VAKnieuws

Echtgenoot, geregistreerd partner of andere levensgezel geen belanghebbende bij machtiging op grond van de Wzd

Nr: 25097 Hoge Raad der Nederlanden, 03-10-2025 ECLI:NL:HR:2025:1450 Jurisprudentie Rechtseenheid GGZ
Procesrecht
24 Wzd, 25 Wzd, 38 Wzd, 41 Wzd, 282 Rv, 290 Rv

Rechtsvraag

Is de echtgenoot, geregistreerd partner of andere levensgezel van de betrokkene belanghebbende in de procedure?

Overweging

De Hoge Raad overweegt dat de wet bepaalt dat de rechter zich, alvorens te beslissen over een verzoek tot het verlenen van een machtiging in de zin van de Wzd, waar mogelijk moet laten informeren door de echtgenoot, de geregistreerd partner of andere levensgezel en dat de griffier ook de beschikking moet sturen aan de echtgenoot, de geregistreerd partner of andere levensgezel. Dat betekent volgens de Hoge Raad niet dat de echtgenoot, de geregistreerd partner of andere levensgezel een belanghebbende is in de procedure en een eigen verweerschrift mag indienen. De Hoge Raad ziet in de wet noch in de parlementaire geschiedenis een aanknopingspunt op grond waarvan de echtgenoot, de geregistreerd partner of andere levensgezel moet worden aangemerkt als belanghebbende. Het EVRM biedt ook geen grondslag.

Lees verder
 

Machtiging tot opname en verblijf

Nr: 25094 Hoge Raad der Nederlanden, 26-09-2025 ECLI:NL:HR:2025:1384 Jurisprudentie Rechtseenheid GGZ 24 lid 4 Wzd

Rechtsvraag

Wat is een psychische stoornis in de zin van artikel 24 lid 4 Wzd?

Overweging

De rechtbank heeft een machtiging tot opname en verblijf verleend voor zes maanden, ten aanzien van betrokkene. De rechtbank heeft overwogen dat er sprake is van een terugkerende alcoholverslaving en emotionele problemen, maar heeft niet kunnen vaststellen dat er sprake is van Korsakov. Volgens de rechtbank is er voldoende grond om een machtiging te verlenen op de grond dat er sprake is van een psychische aandoening in plaats van een psychogeriatrische aandoening in de zin van artikel 24 lid 4 Wzd. 

De Hoge Raad vernietigt de beschikking.
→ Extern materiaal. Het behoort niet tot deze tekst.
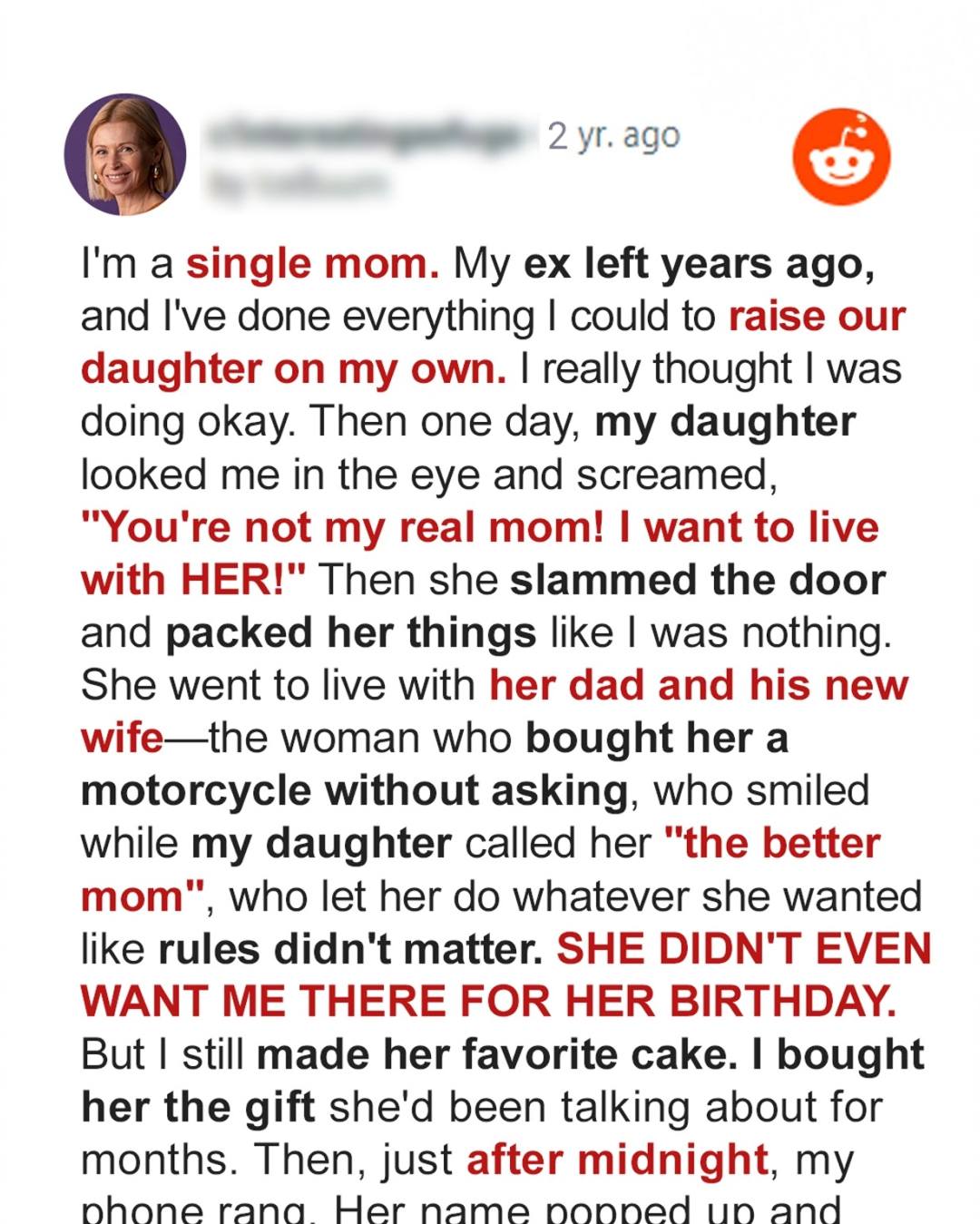 wants to hear the ex-wife complain. Things changed when Mary-Ann became a teen. She grew distant, rebellious. She stopped listening to me, and every rule I set made her hate me more. Ben, meanwhile, played the “cool dad,” while Jessica tried to be the “fun mom.” Then came the final blow: for her 15th birthday, they gifted her a motorcycle. Without telling me. I was furious. “She’s still a child,” I told them. But Mary-Ann just screamed,

DeHoge Raad overweegt dat u it de toelichting op het amendement waarmee art. 24 lid 4 Wzd is opgenomen in de wet , blijkt dat deze bepaling beoogt mogelijk te maken dat een betrokkene bij een wisselende zorgbehoefte kan ‘overstappen’ van de geestelijke gezondheidszorg naar de ouderenzorg of gehandicaptenzorg, zodat aan de betrokkene de juiste zorg op de juiste plek kan worden verleend. Op grond van deze bepaling kan een betrokkene met een psychische stoornis onvrijwillig worden opgenomen in een Wzd-accommodatie, in plaats van in een Wvggz-accommodatie, indien zijn zorgbehoefte daartoe aanleiding geeft. Gelet op deze toelichting moet worden aangenomen dat met ‘psychische stoornis’ in art. 24 lid 4 Wzd een psychische stoornis in de zin van de Wvggz is bedoeld. 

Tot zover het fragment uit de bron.